Yeast protein-containing compositions having different physical properties can be produced by changing the enzyme concentration as shown in FIG. 1, but can also be produced by changing the enzyme reaction time as shown below. FIG. 2 shows the results of measuring the viscosity and the supernatant Brix by adding 0.03% by weight of the enzyme to the yeast cells. In this test, the viscosity was measured using a tuning fork vibration rheometer RV-10000 (manufactured by A & D Co., Ltd.) at a sample concentration of 10% suspension at 50 ° C. and an amplitude of 1.0 mm. In addition, the Brix of the supernatant solution obtained by centrifuging the suspension at 15,000 rpm was measured as a guideline for the solubilization rate.
From the results shown in FIGS. 1 and 2, in order to produce a low-viscosity type yeast protein-containing composition (H form) in which the cell wall is highly decomposed, it is more suitable to increase the enzyme concentration and shorten the reaction time. It can also be produced by long-term enzyme treatment at a low concentration. In addition, when producing a highly viscous type yeast protein-containing composition (L-form) with low decomposition of the cell wall, there is a merit that the production can be completed in a short time by allowing a high concentration of enzyme to act, but to ensure physical properties.

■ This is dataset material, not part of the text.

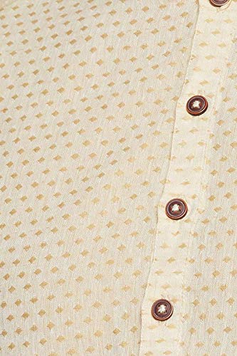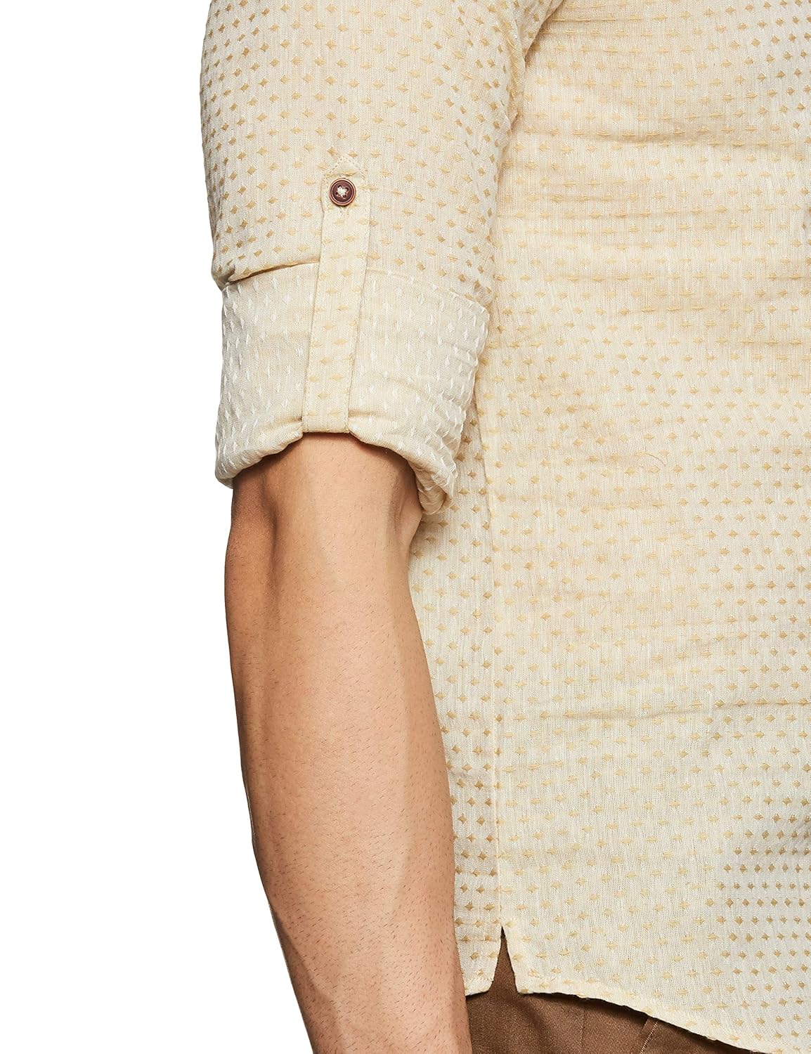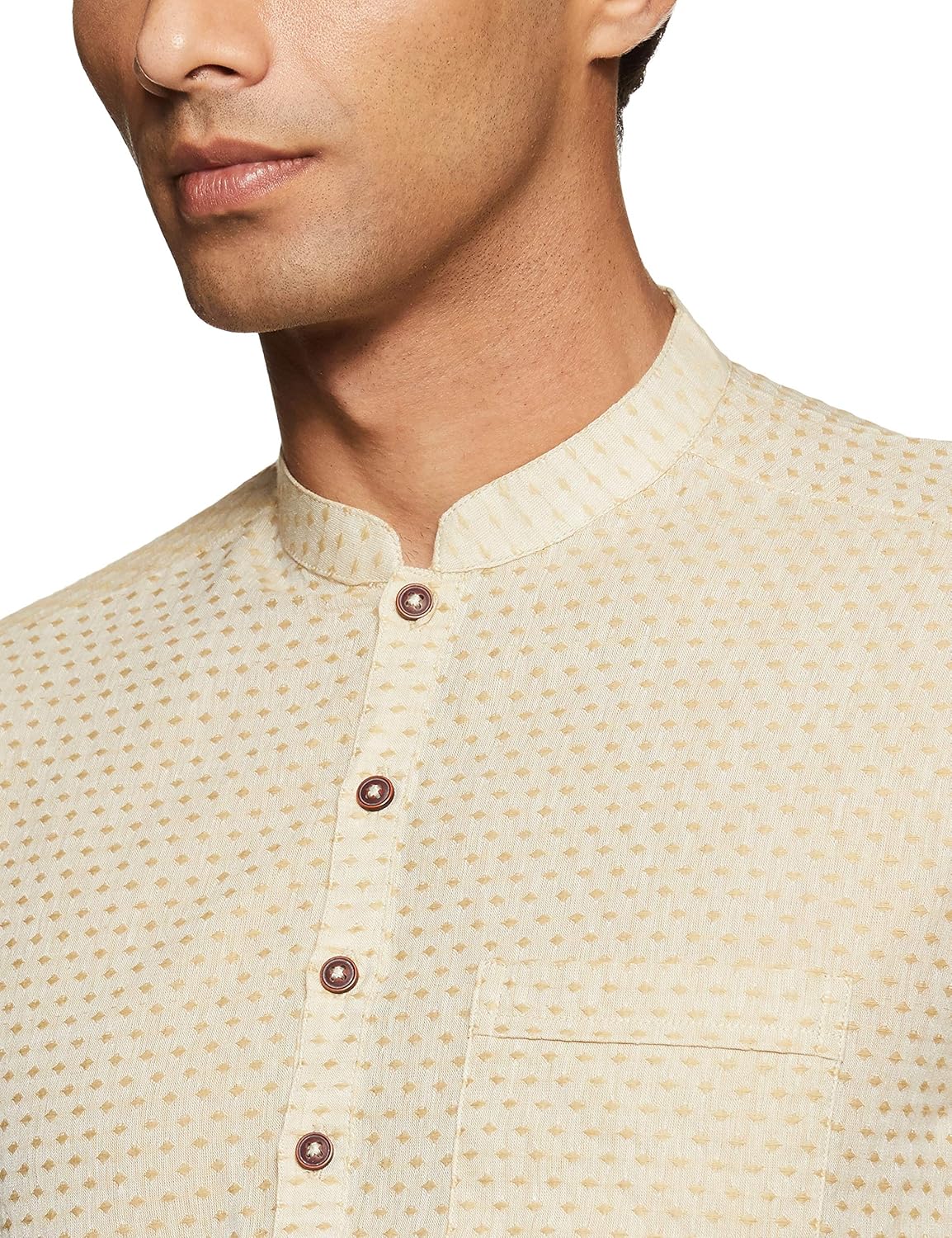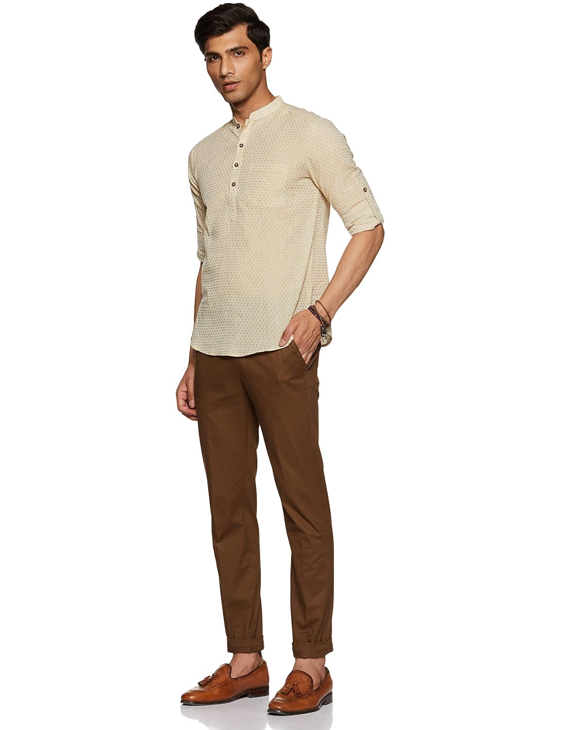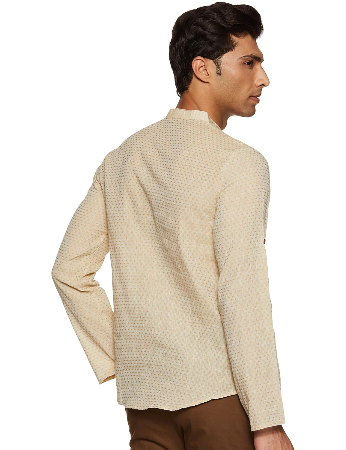 Beige colored self-designed kurta, featuring full sleeves, short length, round neck band collar with three button placketing and regular fit pattern. made from cotton fabric for maximum breathability. |

Since it is difficult to set the reaction time of the enzyme, it is more suitable to lower the enzyme concentration for stable production.
In this way, the enzyme concentration and the enzyme reaction time can be timely selected by the manufacturer according to the purpose.

FIG. 3 shows a part of the results of molecular weight distribution analysis of the obtained yeast protein-containing composition. The three peaks (1), (2), and (3) from the one with the largest molecular weight are characteristic. The H form is obtained by adding 0.3% by weight of the enzyme and reacting for 5 hours, and the L form is obtained by adding 0.03% by weight of the enzyme and reacting for 5 hours. As the enzyme condition becomes stronger, the peak of (1) decreases and the peak ratios of (2) and (3) increase.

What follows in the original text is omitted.